Internally, this is implemented using RPCEvent.
// trigger ui event on the server
var button = new UIElement().addServerEventListener(UIEvents.MOUSE_DOWN, e -> {
// do something on the server
});
// equivalent implementation using RPCEvent
var clickEvent = RPCEventBuilder.simple(UIEvent.class, event -> {
// do something on the server
});
new UIElement().addEventListener(UIEvents.MOUSE_DOWN, e -> {
e.currentElement.sendEvent(clickEvent, e);
}).addRPCEvent(clickEvent);
You can use RPCEventBuilder to construct an RPCEvent and send data to the server when needed.
Note
When sending RPC events, the parameters passed to sendEvent must exactly match the parameters defined in the RPCEventBuilder, including their order and types, and don't forget to addRPCEvent them.

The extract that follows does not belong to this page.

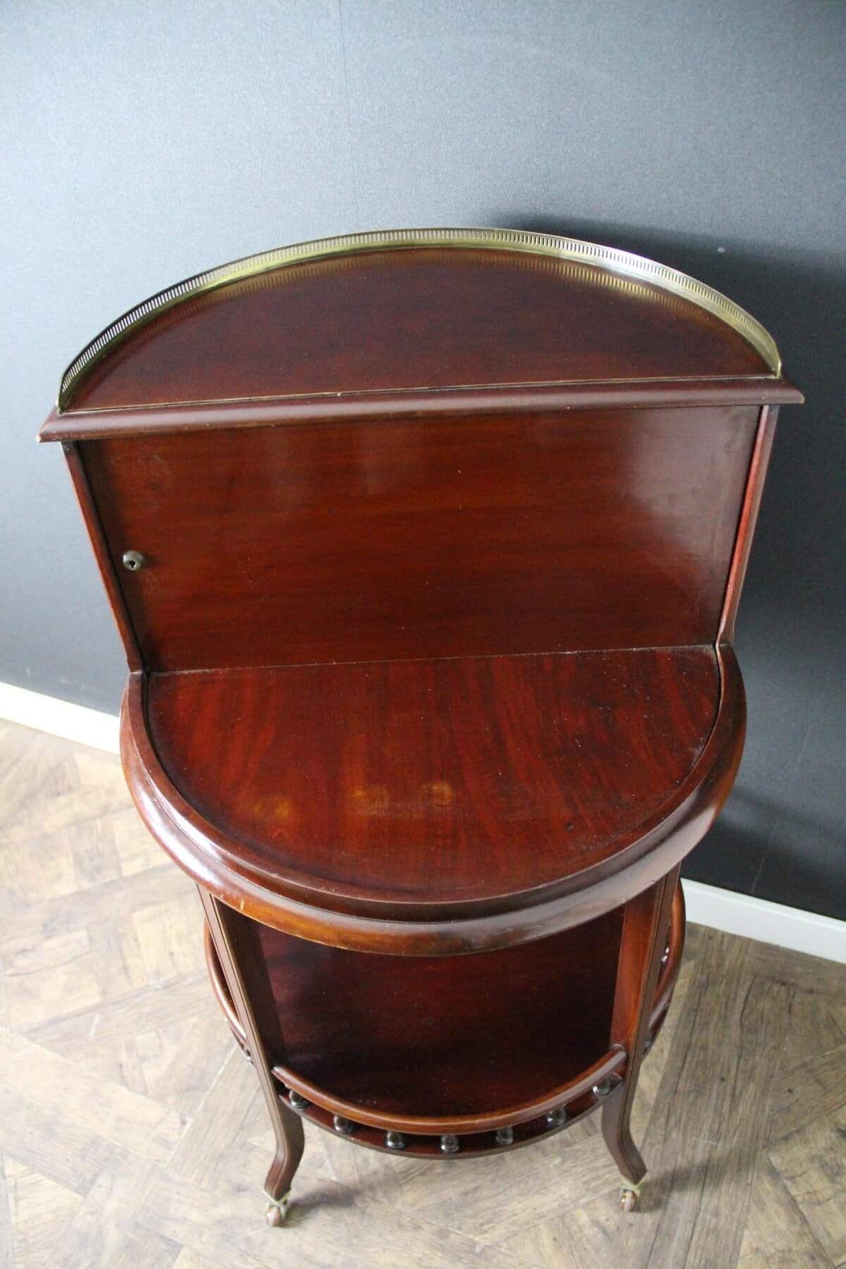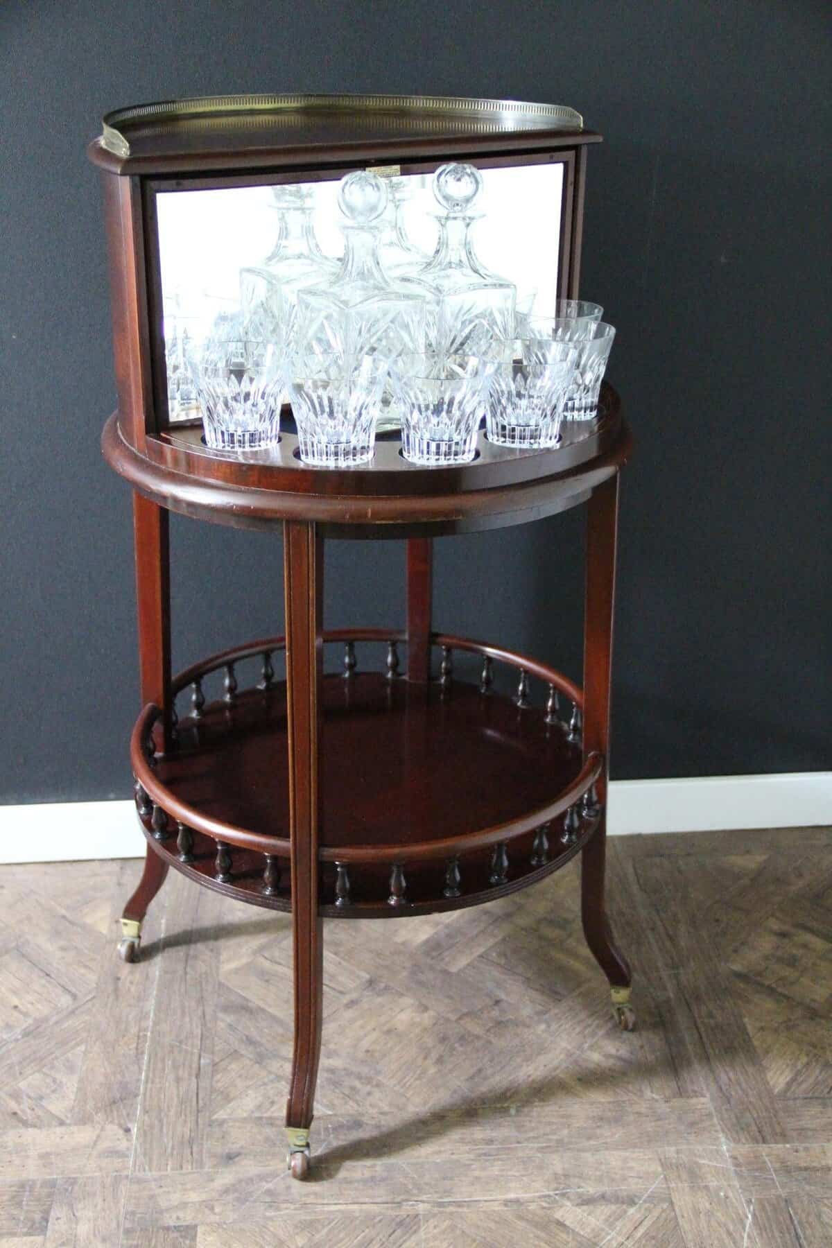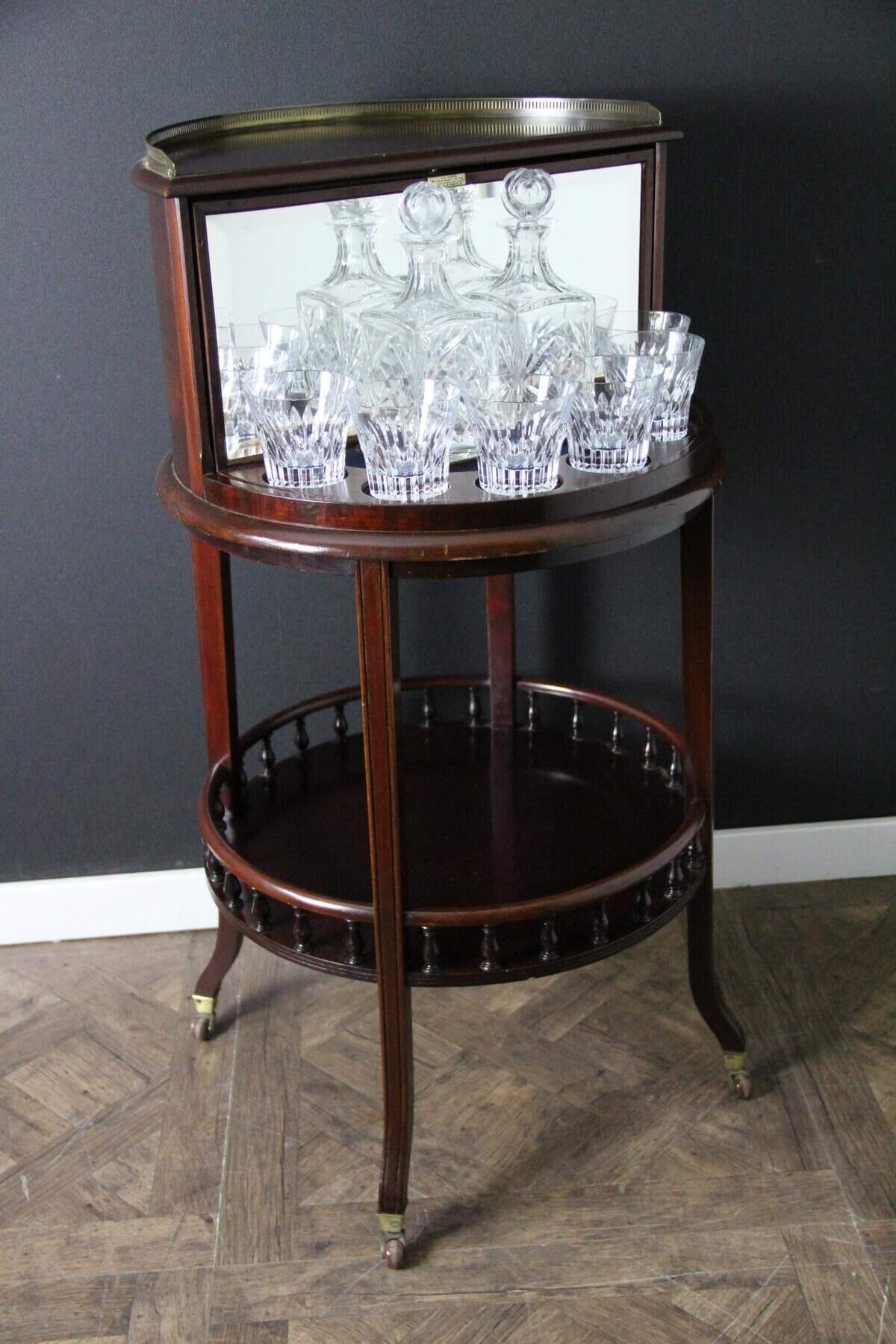 Cet meuble bar anglais est particulièrement inhabituel et élégant. Datant des années 1920, son compartiment à boissons se retourne pour révéler d’un côté un intérieur époustouflant composé d’un ensemble complet de 6 verres Baccarat et de deux carafes en cristal Saint Louis et d’une sorte de compartiment de rangement de l’autre côté. (Tous ses verres sont estampillés Baccarat et estampillés Saint Louis Carafes). Derrière l’ensemble de pièces en cristal, le fond est en miroir biseauté pour ajouter de la profondeur et de l’élégance à tout son ensemble. Ce bar rappelle un bar de la période de la prohibition americaine , cachant son compartiment à boissons en un clin d’œil. Chaque verre est maintenu à l’intérieur grâce à un espace ajusté ainsi que les carafes. Son sommet est entouré d’une très belle galerie de laiton. Il repose sur quatre pieds coniques reliés par une tablette circulaire avec galerie tournée. C’est un véritable meuble surprise car d’un côté, on ne peut pas imaginer ce qui est caché mais quand il tourne de l’autre côté, il révèle son magnifique aménagement intérieur. C’est un bar d’appartement de qualité supérieure . Cet meuble métamorphique ajoutera une touche de classe à tous les styles d’intérieurs et sera certainement un excellent sujet de conversation. Veuillez noter qu’il n’y a pas de clé.

Otherwise, the event will not be dispatched correctly.
RPCEvent with return
Sometimes you may want to send a request to the server to query data, and expect the server to return a result. For example, to ask the server to perform an addition and return the result, you can define it like this:
var queryAdd = RPCEventBuilder.simple(int.class, int.class, int.class, (a, b) -> {
// calculate the result and return on the server
return a + b;
});
new UIElement().addEventListener(UIEvents.MOUSE_DOWN, e -> {
e.currentElement.<Integer>sendEvent(queryAdd, result -> {
// receive the result on the client
assert result == 2;
}, 1, 2);
}).addRPCEvent(queryAdd);
Send event to the client
In practice, UI RPC events are designed primarily for client → server communication, with optional responses sent back to the client.

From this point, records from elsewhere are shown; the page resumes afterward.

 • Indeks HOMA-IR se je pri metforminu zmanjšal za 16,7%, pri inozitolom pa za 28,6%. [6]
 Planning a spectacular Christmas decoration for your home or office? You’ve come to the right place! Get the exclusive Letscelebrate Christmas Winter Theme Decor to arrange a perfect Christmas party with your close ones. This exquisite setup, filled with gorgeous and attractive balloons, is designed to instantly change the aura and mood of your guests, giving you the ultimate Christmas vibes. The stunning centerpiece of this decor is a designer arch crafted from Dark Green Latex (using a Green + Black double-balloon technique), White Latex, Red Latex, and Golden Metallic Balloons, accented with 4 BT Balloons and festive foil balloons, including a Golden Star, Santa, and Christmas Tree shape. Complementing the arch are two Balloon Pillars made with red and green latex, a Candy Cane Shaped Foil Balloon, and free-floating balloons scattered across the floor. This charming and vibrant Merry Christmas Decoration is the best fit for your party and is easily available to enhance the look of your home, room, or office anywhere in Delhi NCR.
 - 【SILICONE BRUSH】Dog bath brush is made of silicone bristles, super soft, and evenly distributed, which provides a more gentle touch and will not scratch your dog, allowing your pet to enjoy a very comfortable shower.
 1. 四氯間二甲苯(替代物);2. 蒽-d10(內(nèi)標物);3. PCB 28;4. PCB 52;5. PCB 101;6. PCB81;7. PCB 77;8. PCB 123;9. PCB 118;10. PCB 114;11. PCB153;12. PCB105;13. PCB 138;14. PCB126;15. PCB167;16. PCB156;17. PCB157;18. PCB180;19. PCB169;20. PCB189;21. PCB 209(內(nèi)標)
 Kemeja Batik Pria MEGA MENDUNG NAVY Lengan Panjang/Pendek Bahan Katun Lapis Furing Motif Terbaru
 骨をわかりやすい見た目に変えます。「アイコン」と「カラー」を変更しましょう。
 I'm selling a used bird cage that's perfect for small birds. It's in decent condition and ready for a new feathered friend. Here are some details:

This matches most real-world use cases, where the server owns the data and logic, and the client only sends interaction requests.
LDLib2 therefore does not provide a dedicated UI-level API for server → client RPC events.

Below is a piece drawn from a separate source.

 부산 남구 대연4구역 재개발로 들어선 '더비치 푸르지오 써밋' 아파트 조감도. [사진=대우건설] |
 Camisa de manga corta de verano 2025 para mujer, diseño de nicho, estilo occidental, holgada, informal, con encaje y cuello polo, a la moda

However, if you really need to actively send events from the server to the client, you can achieve this by using the generic RPC Packet system.
Below is an example showing how the server sends an RPC packet to clients, and how the client locates and operates on a specific UI element.
var element = new UIElement().setId("my_element");
// annotate your packet method anywhere you want
@RPCPacket("rpcEventToClient")
public static void rpcPacketTest(RPCSender sender, String message, boolean message2) {
if (sender.isRemote()) {
var player = Minecraft.getInstance().player;
if (player != null && player.containerMenu instanceof IModularUIHolderMenu uiHolderMenu) {
uiHolderMenu.getModularUI().select("#my_element").findFirst().ifPresent(element -> {
// do something on the client side with your element.
});
}
}
}
// send pacet to the remote/server
RPCPacketDistributor.rpcToAllPlayers("rpcEventToClient", "Hello from server!", false)
This approach gives you full control over server-initiated client logic, while keeping the UI RPC system simple and focused on interaction-driven workflows.
Tip
When using FluidSlot with container bindings, the implementation already uses
server → client (s→c) read-only data syncing combined with RPC events for interactions.
You don’t need to handle sync strategies yourself.
The FluidSlot.bind(...) implementation is also a good reference for learning how data syncing and RPC-based interactions work together.